### Data below
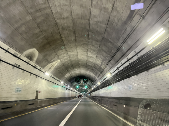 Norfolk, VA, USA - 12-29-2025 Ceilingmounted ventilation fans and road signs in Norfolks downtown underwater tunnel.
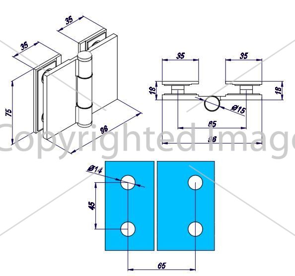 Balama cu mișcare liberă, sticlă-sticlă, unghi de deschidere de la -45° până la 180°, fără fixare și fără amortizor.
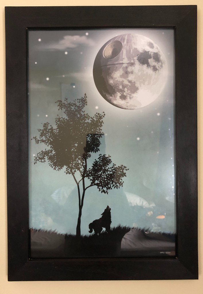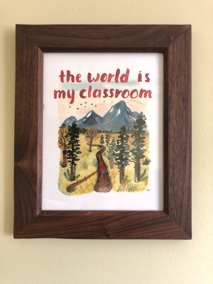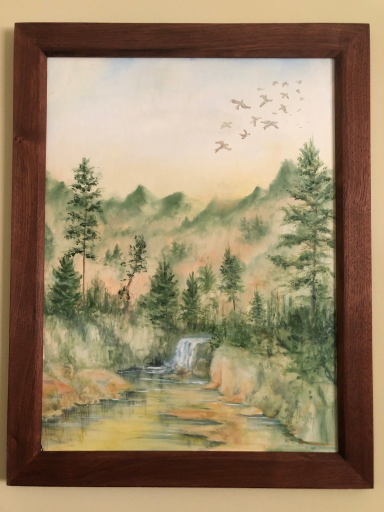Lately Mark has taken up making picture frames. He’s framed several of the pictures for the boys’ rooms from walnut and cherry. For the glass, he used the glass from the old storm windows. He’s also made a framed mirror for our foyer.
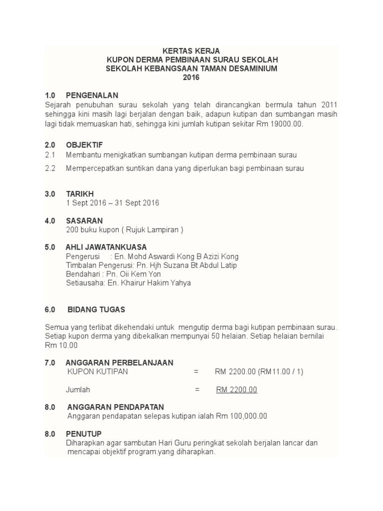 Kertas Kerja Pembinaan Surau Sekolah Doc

### Prompt
Excluding pictures, copy exactly the lines from the line containing "Balama cu mișcare" through the last line of the data, inclusive.

### Your solution
 Balama cu mișcare liberă, sticlă-sticlă, unghi de deschidere de la -45° până la 180°, fără fixare și fără amortizor.
Lately Mark has taken up making picture frames. He’s framed several of the pictures for the boys’ rooms from walnut and cherry. For the glass, he used the glass from the old storm windows. He’s also made a framed mirror for our foyer.
 Kertas Kerja Pembinaan Surau Sekolah Doc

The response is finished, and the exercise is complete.